→ **SUPPLIED MATERIAL**:
——

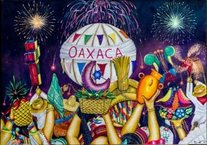La obra “La Alegría de mi tierra”, del artista gráfico Esli Janai Castillo Zamitiz, fue seleccionada para la promoción de esta festividad multiétnica del pueblo de Oaxaca.
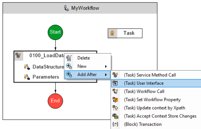 For this purpose, right-click on the first task, select Add After and create a new workflow step of type (Task) User Interface:
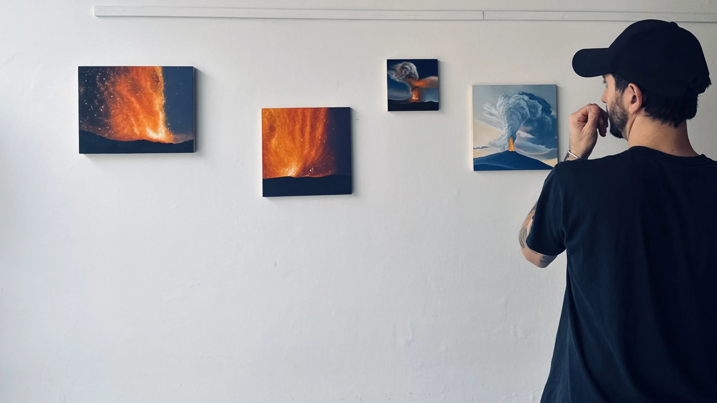 Asa Taulbut - paintings, postcards and photo books - FIRE WORKS, small paintings of big things - Exhibition now on until 20/12/25 in our front room
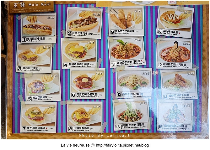 簡易菜單就只有兩頁,但提供的餐點卻比我想像中還要豐富,除了原有的長艇堡、薯條之外,還多了漢堡、沙拉、義大利麵及甜點,有種融合美義式的FU。

——

Leave the pictures aside and print exactly, and only, the lines from the one with "Asa Taulbut - paintings, postcards" through the end of the data, both included.

 Asa Taulbut - paintings, postcards and photo books - FIRE WORKS, small paintings of big things - Exhibition now on until 20/12/25 in our front room
 簡易菜單就只有兩頁,但提供的餐點卻比我想像中還要豐富,除了原有的長艇堡、薯條之外,還多了漢堡、沙拉、義大利麵及甜點,有種融合美義式的FU。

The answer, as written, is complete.